Recreate the listing that follows line for line, without pictures.

▶ **Data**:
========

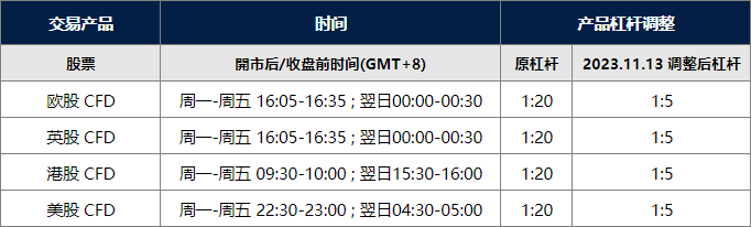 1. 收盘前30分钟和开市后30分钟内开立新仓位的杠杆为1:5,一旦这些仓位不在前述提到的时间范围内,杠杆将恢复为原先1:20,且不会再次更动为1 :5
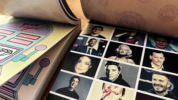 Con-FabFlick through the book and show a plethora of different Las Vegas hotel talked about on each individual page - they really are all different! Get your spectator to lift up any random page and remember the hotel... not just the hotel but a playing card, a dice value or maybe even a roulette number, all displayed in the page graphics. You are then able to predict or reveal all the information before going one step further and revealing a word on the page!
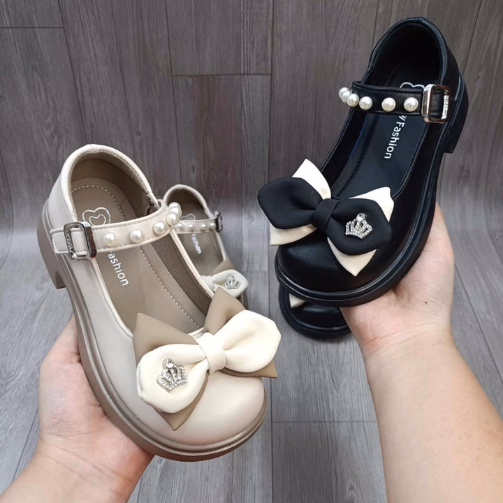 Giày Búp Bê Bé Gái Quai Ngang Đính Ngọc, Nơ Dẽ Thương( Size Từ 26-36)- Haanh
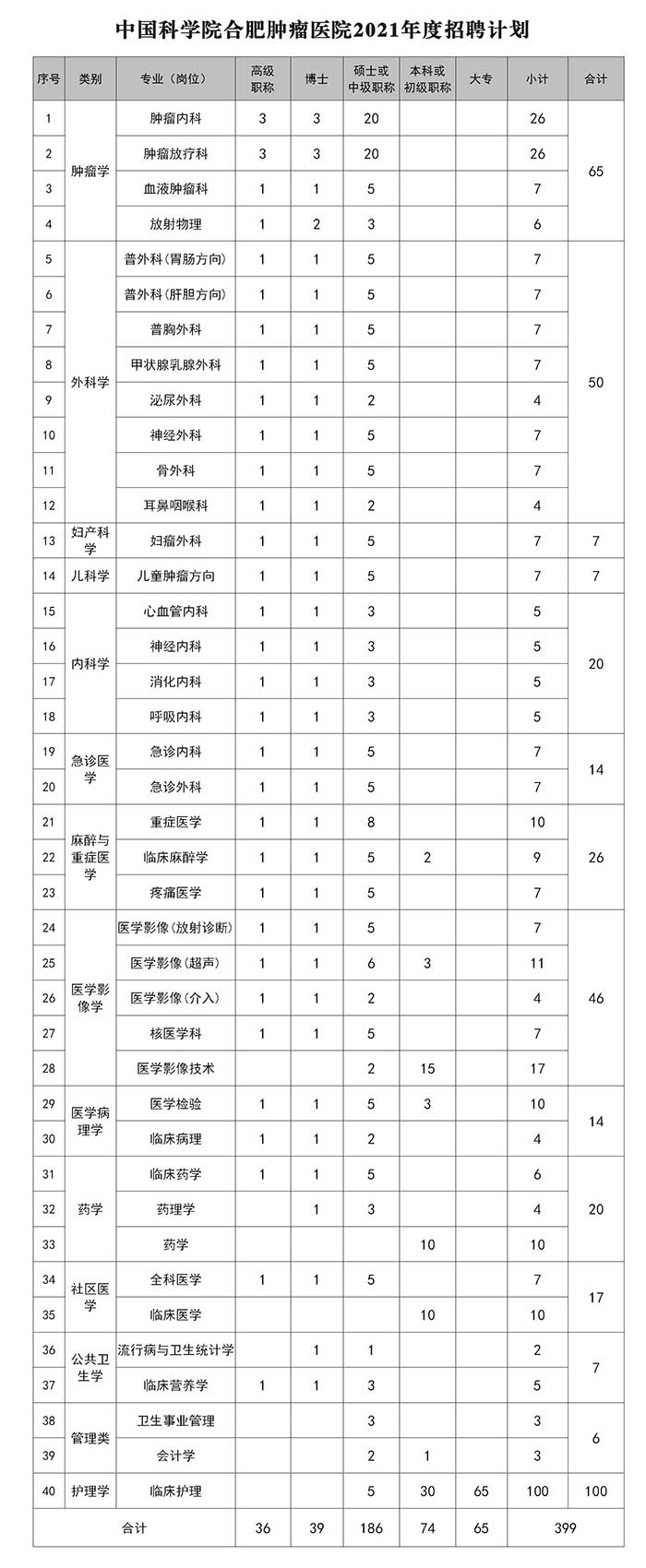 2021中國(guó)科學(xué)院合肥腫瘤醫(yī)院招聘399人公告
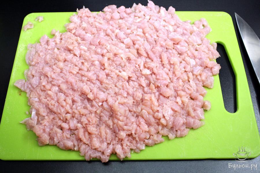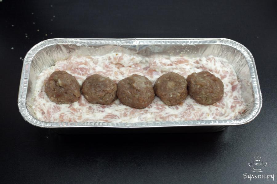 7. В форму выложить примерно половину фарша, слегка разровнять. По центру уложить фарш из говядины, можно шариками.
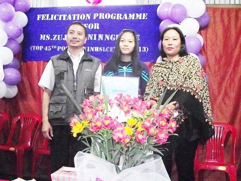 Zujanbeni N Ngullie daughter of Nzanbemo Ngullie, a teacher at Govt. Higher Secondary School Wokha secured the 45th position among the top 50 at the recent 2013 HSLC examination. She scored distinction marks in all her papers for which she was loaded with various presentations from all her subject teachers, school managing board, Alumni Association, her former teachers etc. Zujanbeni who determines to study medicine in the future gave credit to God, her teachers, both past and present, and her parents for her success. “What I’m today is not because of who I am, but because of what the Lord Jesus has done for me." She also encouraged her juniors to be hard working and sincere.

========

▶ **Response for this exercise**:
 1. 收盘前30分钟和开市后30分钟内开立新仓位的杠杆为1:5,一旦这些仓位不在前述提到的时间范围内,杠杆将恢复为原先1:20,且不会再次更动为1 :5
 Con-FabFlick through the book and show a plethora of different Las Vegas hotel talked about on each individual page - they really are all different! Get your spectator to lift up any random page and remember the hotel... not just the hotel but a playing card, a dice value or maybe even a roulette number, all displayed in the page graphics. You are then able to predict or reveal all the information before going one step further and revealing a word on the page!
 Giày Búp Bê Bé Gái Quai Ngang Đính Ngọc, Nơ Dẽ Thương( Size Từ 26-36)- Haanh
 2021中國(guó)科學(xué)院合肥腫瘤醫(yī)院招聘399人公告
 7. В форму выложить примерно половину фарша, слегка разровнять. По центру уложить фарш из говядины, можно шариками.
 Zujanbeni N Ngullie daughter of Nzanbemo Ngullie, a teacher at Govt. Higher Secondary School Wokha secured the 45th position among the top 50 at the recent 2013 HSLC examination. She scored distinction marks in all her papers for which she was loaded with various presentations from all her subject teachers, school managing board, Alumni Association, her former teachers etc. Zujanbeni who determines to study medicine in the future gave credit to God, her teachers, both past and present, and her parents for her success. “What I’m today is not because of who I am, but because of what the Lord Jesus has done for me." She also encouraged her juniors to be hard working and sincere.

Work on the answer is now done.